However, it remains an important question to examine why these particular
Latin and Asian languages are under-developed for Wikipedia projects.
FYI, people looking at reverts logs may be interested in this satellite
event at ICWSM'15
Cheers,
Giovanni Luca Ciampaglia
✎ 919 E 10th ∙ Bloomington 47408 IN ∙ USA
☞ http://www.glciampaglia.com/
✆ +1 812 855-7261
✉ gciampag(a)indiana.edu
---------- Forwarded message ----------
From: Nicola Perra <nicolaperra(a)gmail.com>
Date: 2015-03-11 10:00 GMT-04:00
*Modeling and Mining Temporal Interactions (M2TI)*
*ICWSM'15 workshop.*
*Oxford, UK, May 26, 2015*
*Webpage:* http://m2ti.weebly.com/
The emergence of the Big Data paradigm together with the framework of
complex networks has played a crucial role in providing the tools and
datasets to begin understanding human interactions and the dynamics of
social systems with wide applications to informatics, social sciences,
information technology, and epidemiology.
The rise of the social web has resulted in the creation of an unprecedented
number of social systems than can be analyzed in great detail. This unique
opportunity has fostered an interdisciplinary effort to study their
structure and dynamics with network theory taking the forefront. As a
result, researchers have unveiled a number of surprising properties about
the structure and dynamics of large-scale social systems such as online
social networks, scientific and OSS collaboration networks, or mobile phone
communication networks.
Due to both theoretical and practical difficulties, until recently, the
majority of studies have focused on static representations of the social
interactions, where the underlying network structure does not change over
time. While this assumption has proven to be useful and allowed for a great
progress recently, its limitations are now becoming clear. Static
representations miss the timing, duration, and concurrency of social
interactions, which are crucial to characterize many processes such as the
spread of rumors, information and epidemics, the emergence of social norms
and memes or even online congestion, resource depletion and mutual
influence, among others. In general, neglecting the network dynamics might
lead to mischaracterizations of the dynamical processes.

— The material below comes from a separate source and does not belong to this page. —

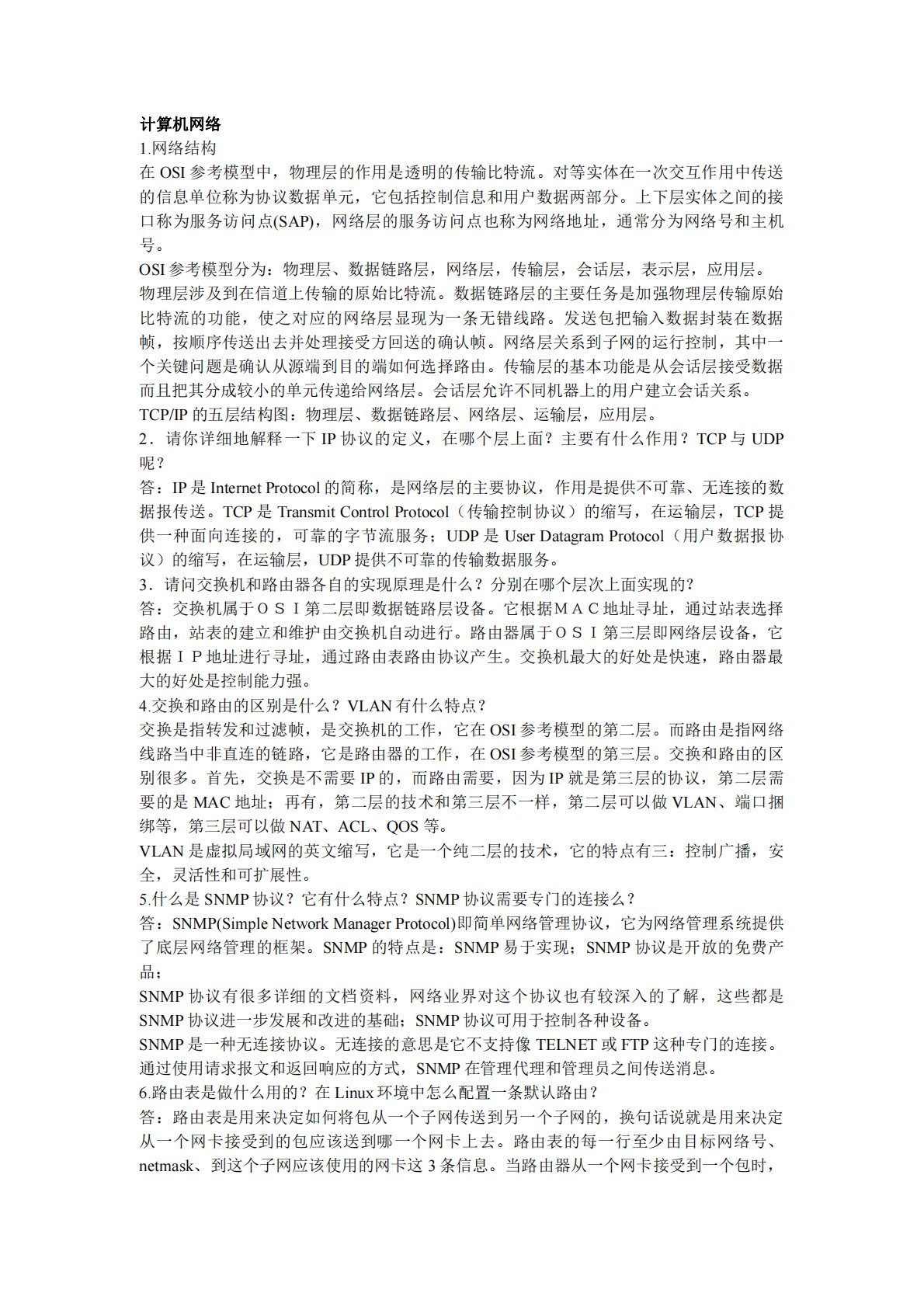 计算机网络1.网络结构在OSI参考模型中,物理层的作用是透明的传输比特流。对等实体在一次交互作用中传送的信息单位称为协议数据单元,它包括控制信息和用户数据两部分。上下层实体之间的接口称为服务访问点(SAP),网络层的服务访问点也称为网络地址,通常分为网络号和主机号。OSI参考模型分为:物理层、数据链路层,网络层,传输层,会话层,表示层,应用层。物理层涉及到在信道上传输的原始比特流。数据链路层的主要任务是加强物理层传输原始比特流的功能,使之对应的网络层显现为一条无错线路。发送包把输入数据封装在数据帧,按顺序传送出去并处理接受方回送的确认帧。网络层关系到子网的运行控制,其中一个关键问题是确认从源端...

Today, thanks to the ubiquity of online services, social media, GPS enabled
smartphones and the rise of wearable computers, rich time-resolved datasets
of both user behaviors and interactions are available. Empirical data on
human interaction dynamics now include user access logs, email
communications, chatting, phone call and SMS metadata, online forum
discussions, collaborations in software projects, movie participations,
geo-located individual mobility datasets, location check in, and many
others. The availability of such data is triggering a new wave of
data-driven studies of temporal properties of human behavior,
communication, and social interactions.
The mining and study of the temporal characteristics of social dynamics,
raises new fundamental challenges, both theoretical and computational, with
applications to fields such as social sciences, marketing, computer
science, and epidemiology. In particular, new tools and frameworks are
needed to mine, characterize and model temporal behaviors as well as the
profound consequences that individual characteristics and behavioral
correlations have on processes under study.
*Topics and Themes*
The list of topics that we aim to cover at the workshop is the following:
- Data mining approaches for time-resolved datasets
- Representation of time-resolved datasets
- Dynamic interplay between social temporal networks and human behavior
- Analysis and characterization of temporal networks
- Modeling of temporal networks
- Behavioral pattern mining
- User modeling and analysis of behavioral patterns
- Processes on temporal networks
- Data driven models of collaboration
- Influence models
- User and product recommendation based on temporal patterns
- Spatio-temporal correlation between interactions and service usage
The meeting will be one day long and will host around 15 contributed talks.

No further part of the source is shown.